Kewajiban Pemotong Pajak


- Wajib Mendaftarkan Diri ke KPP
- Wajib menghitung, memotong, menyetorkan dan melaporkan PPh Pasal 21 dan Pasal
26 yang terutang untuk setiap bulan kalender.
- PPh Pasal 21/26 yang dipotong wajib disetor ke Kantor Pos atau Bank paling lama 10
hari setelah Masa Pajak berakhir.
- Pemotong Pajak wajib lapor sekalipun nihil, paling lama 20 hari setelah Masa Pajak
berakhir.
- Wajib Membuat Catatan atau Kertas Kerja Perhitungan PPh 21/26 Untuk Setiap Masa
Pajak
- Wajib Menyimpan Catatan atau Kertas Kerja Sesuai Ketentuan
- Wajib Membuat Bukti Potong dan Memberikannya Kepada Penerima Penghasilan

6. Bagaimana aturan pembayaran dan pelaporan pajak penghasilan pasal 21/26?

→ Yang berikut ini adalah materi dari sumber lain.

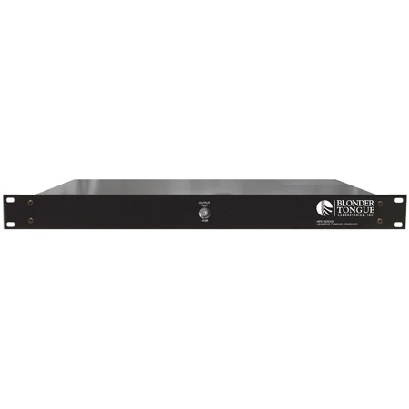 The HPC series consists of 5-1000 MHz passive RF combiners designed for use in a headend to combine the output of up to 32 single-channel devices such as modulators and processors. HPC is available in 8-, 12-, 24-, or 32-port models. All HPC models feature a compact design, high isolation between ports, low net combining loss, and RFI shielding for minimized egress/ingress interference. A front-panel -20 dB test port (75-ohm “F” type connector) allows testing of the unit’s output without interrupting the service.

Menurut Peraturan Jenderal Pajak Nomor PER - 32/PJ/2015 pasal 24


1. PPh Pasal 21 dan/atau PPh Pasal 26 yang dipotong oleh Pemotong PPh Pasal 21
dan/atau PPh Pasal 26 untuk setiap Masa Pajak wajib disetor ke Kantor Pos atau bank
yang ditunjuk oleh Menteri Keuangan, paling lama 10 (sepuluh) hari setelah Masa
Pajak berakhir.
2. Pemotong PPh Pasal 21 dan/atau PPh Pasal 26 wajib melaporkan pemotongan dan
penyetoran PPh Pasal 21 dan/atau PPh Pasal 26 untuk setiap Masa Pajak yang
dilakukan melalui penyampaian Surat Pemberitahuan Masa PPh Pasal 21 dan/atau
PPh Pasal 26 ke Kantor Pelayanan Pajak tempat Pemotong PPh Pasal 21 dan/atau PPh
Pasal 26 terdaftar, paling lama 20 (dua puluh) hari setelah Masa Pajak berakhir.

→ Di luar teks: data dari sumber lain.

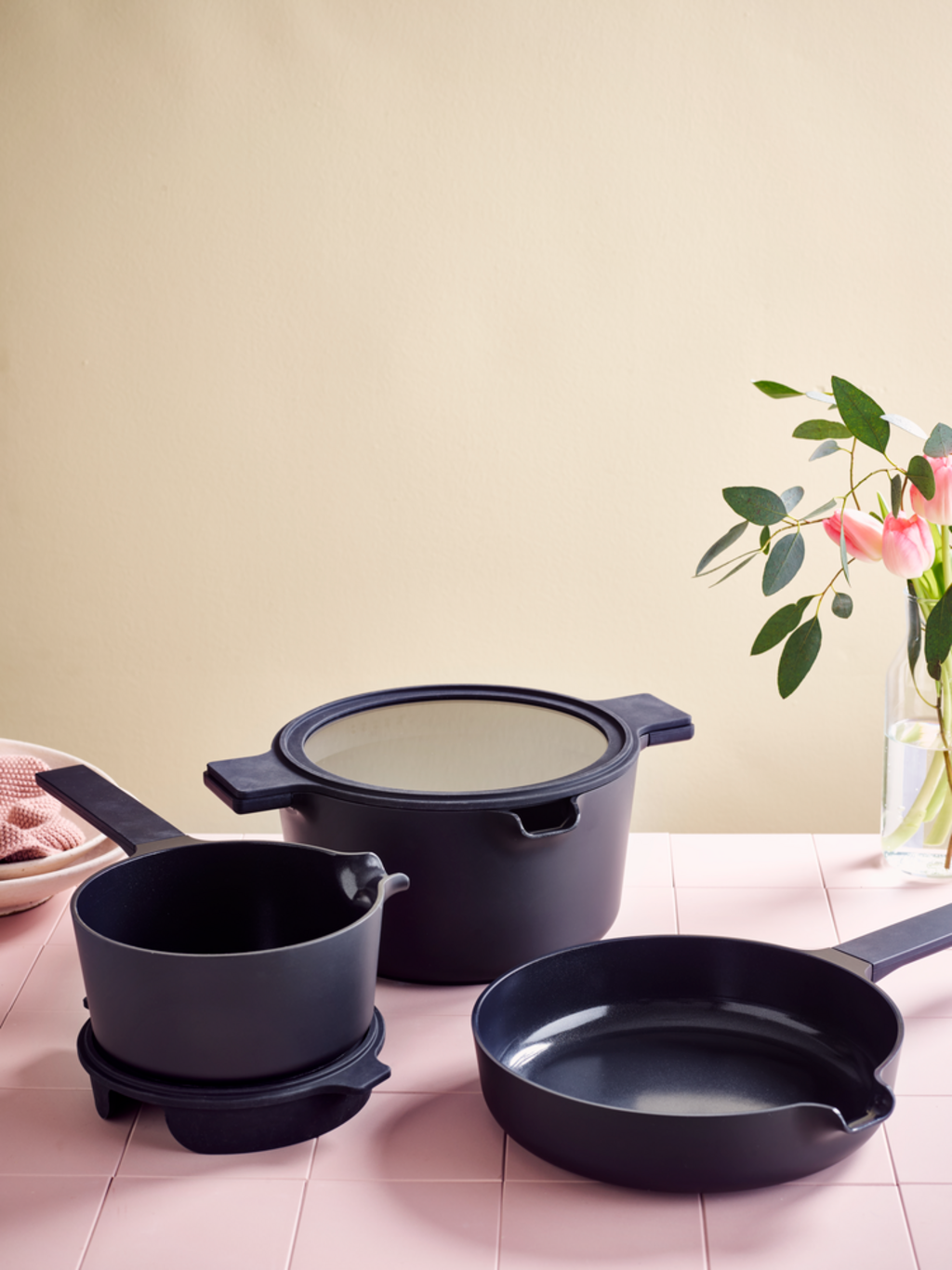Deze 5-delige pannenset biedt alles wat je nodig hebt om gezond en veelzijdig te koken. Het is gemaakt van gerecycled aluminium en maakt indruk met zijn hoogwaardige antiaanbaklaag, robuuste afwerking en antislip siliconen handgrepen. Geschikt voor alle soorten kookplaten - inclusief inductie en oven.

3. Dalam hal tanggal jatuh tempo penyetoran PPh Pasal 21 dan/atau PPh Pasal 26
sebagaimana dimaksud pada ayat (1) dan batas waktu pelaporan PPh Pasal 21
dan/atau PPh Pasal 26 sebagaimana dimaksud pada ayat (2) bertepatan dengan hari
libur termasuk hari Sabtu atau hari libur nasional, penyetoran dan pelaporan PPh
Pasal 21 dan/atau PPh Pasal 26 dapat dilakukan pada hari kerja berikutnya.

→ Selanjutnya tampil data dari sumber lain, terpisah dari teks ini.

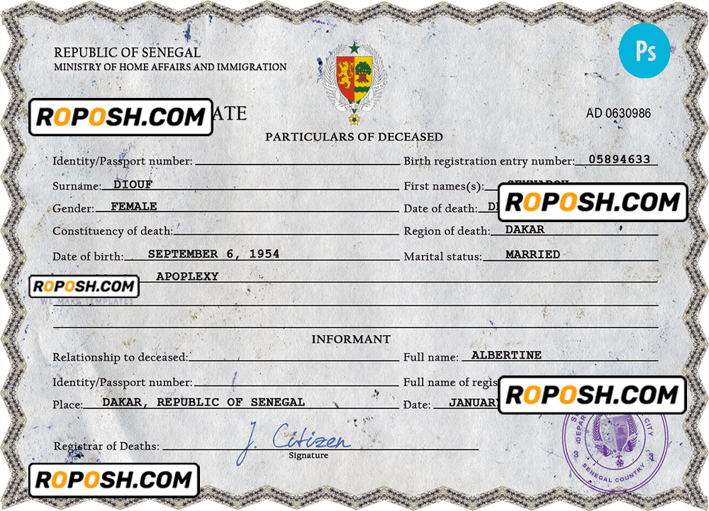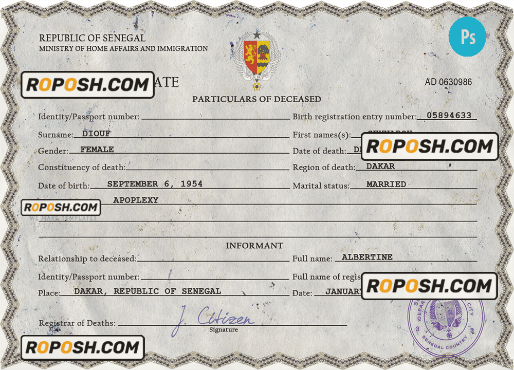 Explore a vast collection of legitimate-looking editable death certificates for several countries worldwide. The editable Senegal death certificates offers easy access to obtaining the required document for a variety of purposes, predominantly claiming life insurance, pensions, and resolving estates.

SPT Masa PPh Pasal 21 adalah Surat Pemberitahuan untuk melaporkan tentang Pajak
Penghasilan karyawan di Indonesia. Batas waktu pembayaran jatuh pada tanggal 10 bulan
berikutnya, diikuti oleh batas akhir waktu lapor pajak yaitu setiap tanggal 20 untuk SPT Masa
PPh dan 30 April setiap tahunnya untuk Tahun Pajak sebelumnya.